╭─ EXERCISE MATERIAL

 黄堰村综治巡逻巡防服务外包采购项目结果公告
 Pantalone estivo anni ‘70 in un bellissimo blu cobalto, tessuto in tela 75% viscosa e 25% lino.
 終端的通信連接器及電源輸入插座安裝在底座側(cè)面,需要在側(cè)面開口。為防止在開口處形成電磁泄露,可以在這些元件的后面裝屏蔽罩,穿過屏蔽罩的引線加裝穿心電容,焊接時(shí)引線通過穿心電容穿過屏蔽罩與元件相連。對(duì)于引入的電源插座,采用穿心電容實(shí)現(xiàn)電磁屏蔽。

╰─
╭─ EXERCISE MATERIAL

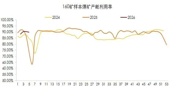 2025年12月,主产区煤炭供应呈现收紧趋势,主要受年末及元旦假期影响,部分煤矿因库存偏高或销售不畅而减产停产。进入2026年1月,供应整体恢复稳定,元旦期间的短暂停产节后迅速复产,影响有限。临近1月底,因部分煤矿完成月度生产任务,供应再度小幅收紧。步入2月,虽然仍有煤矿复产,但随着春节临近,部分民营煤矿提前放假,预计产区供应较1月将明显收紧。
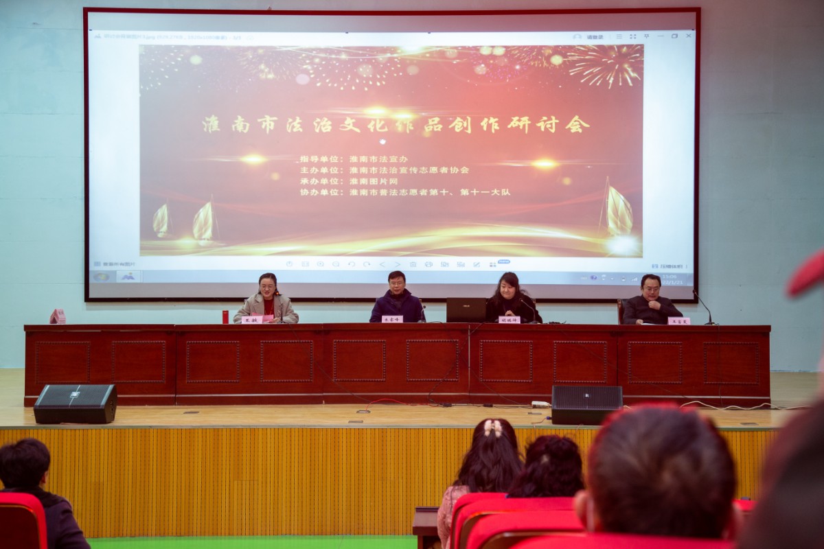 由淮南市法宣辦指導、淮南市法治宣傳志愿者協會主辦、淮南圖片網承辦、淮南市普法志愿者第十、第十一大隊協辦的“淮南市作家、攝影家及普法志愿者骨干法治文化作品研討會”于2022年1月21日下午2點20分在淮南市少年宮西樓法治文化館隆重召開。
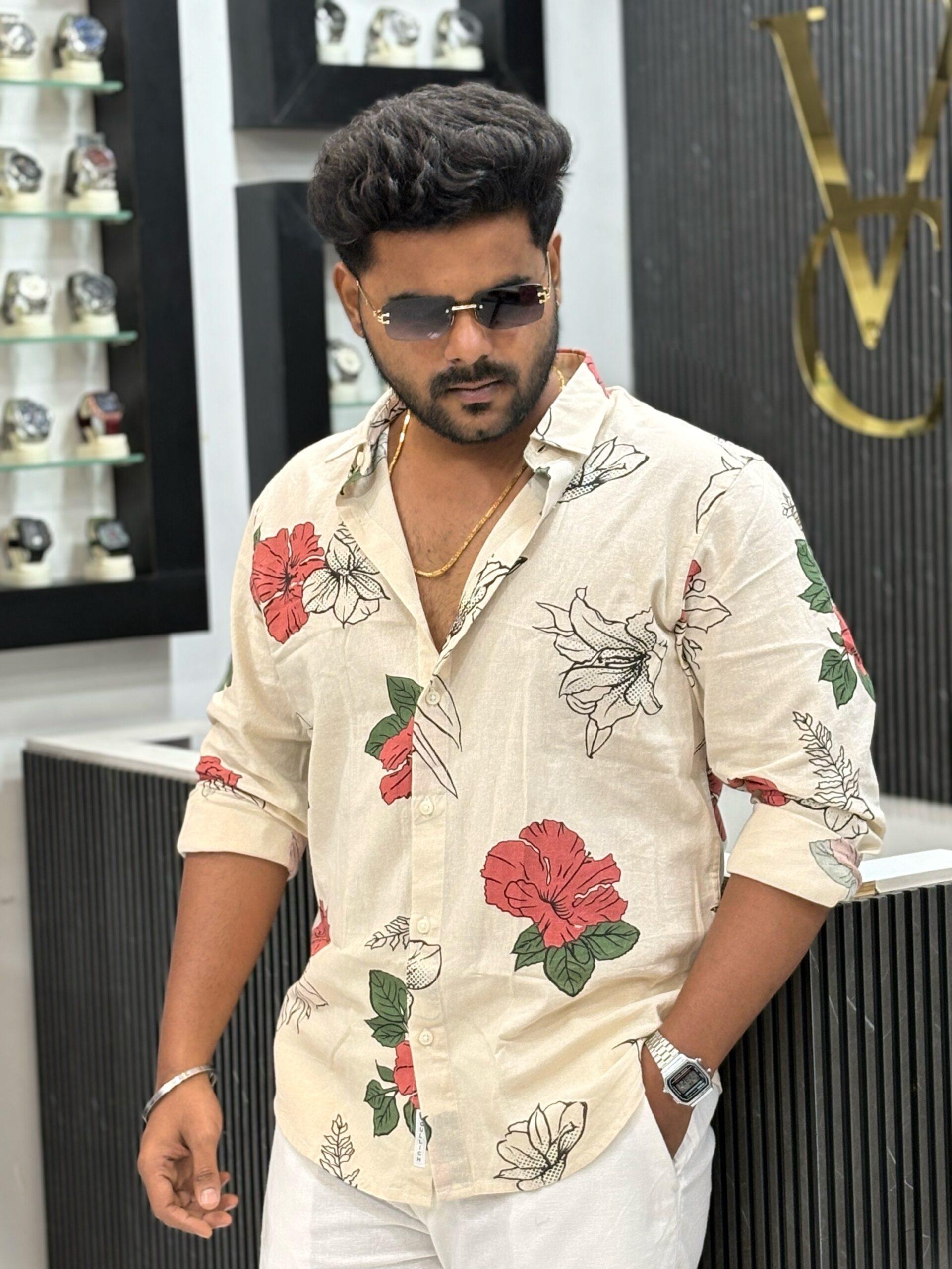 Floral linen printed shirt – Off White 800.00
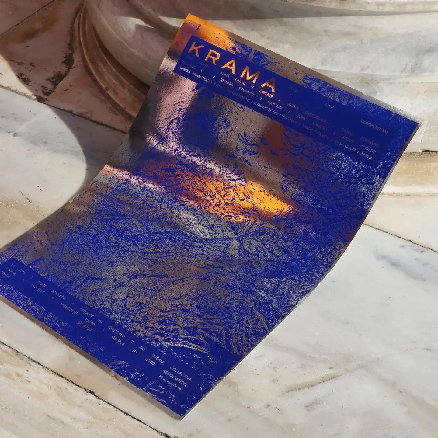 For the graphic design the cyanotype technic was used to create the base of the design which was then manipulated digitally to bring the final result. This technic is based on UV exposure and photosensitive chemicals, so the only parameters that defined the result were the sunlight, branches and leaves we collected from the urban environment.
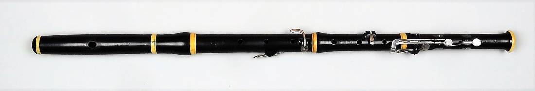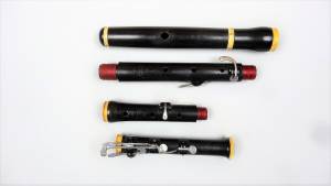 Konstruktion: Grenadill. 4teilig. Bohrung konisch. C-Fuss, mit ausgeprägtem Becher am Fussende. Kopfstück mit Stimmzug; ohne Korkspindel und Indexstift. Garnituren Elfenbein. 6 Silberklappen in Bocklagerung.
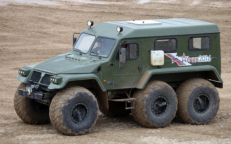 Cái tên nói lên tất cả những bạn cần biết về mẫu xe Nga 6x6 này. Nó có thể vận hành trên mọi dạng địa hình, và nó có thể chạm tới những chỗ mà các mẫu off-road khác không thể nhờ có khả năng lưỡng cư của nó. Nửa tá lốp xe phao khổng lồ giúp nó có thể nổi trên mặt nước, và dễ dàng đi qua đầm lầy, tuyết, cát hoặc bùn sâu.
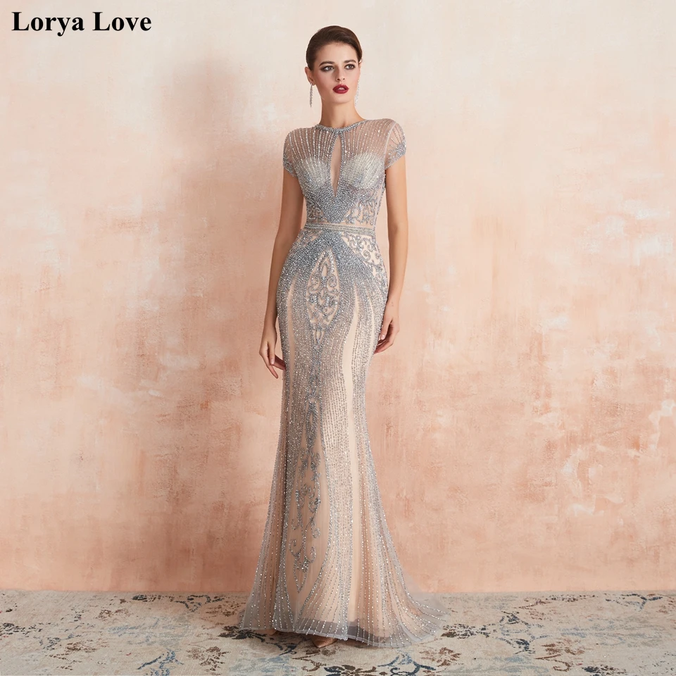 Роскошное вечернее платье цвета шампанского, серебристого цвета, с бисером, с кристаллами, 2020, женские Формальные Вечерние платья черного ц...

╰─

## WHAT IS EXPECTED
Write down exactly what the lines above say, from the line holding "Floral linen printed" through the line holding "Konstruktion: Grenadill. 4teilig.", and nothing more. Do not copy the pictures.

## ANSWER BELOW
 Floral linen printed shirt – Off White 800.00
 For the graphic design the cyanotype technic was used to create the base of the design which was then manipulated digitally to bring the final result. This technic is based on UV exposure and photosensitive chemicals, so the only parameters that defined the result were the sunlight, branches and leaves we collected from the urban environment.
 Konstruktion: Grenadill. 4teilig. Bohrung konisch. C-Fuss, mit ausgeprägtem Becher am Fussende. Kopfstück mit Stimmzug; ohne Korkspindel und Indexstift. Garnituren Elfenbein. 6 Silberklappen in Bocklagerung.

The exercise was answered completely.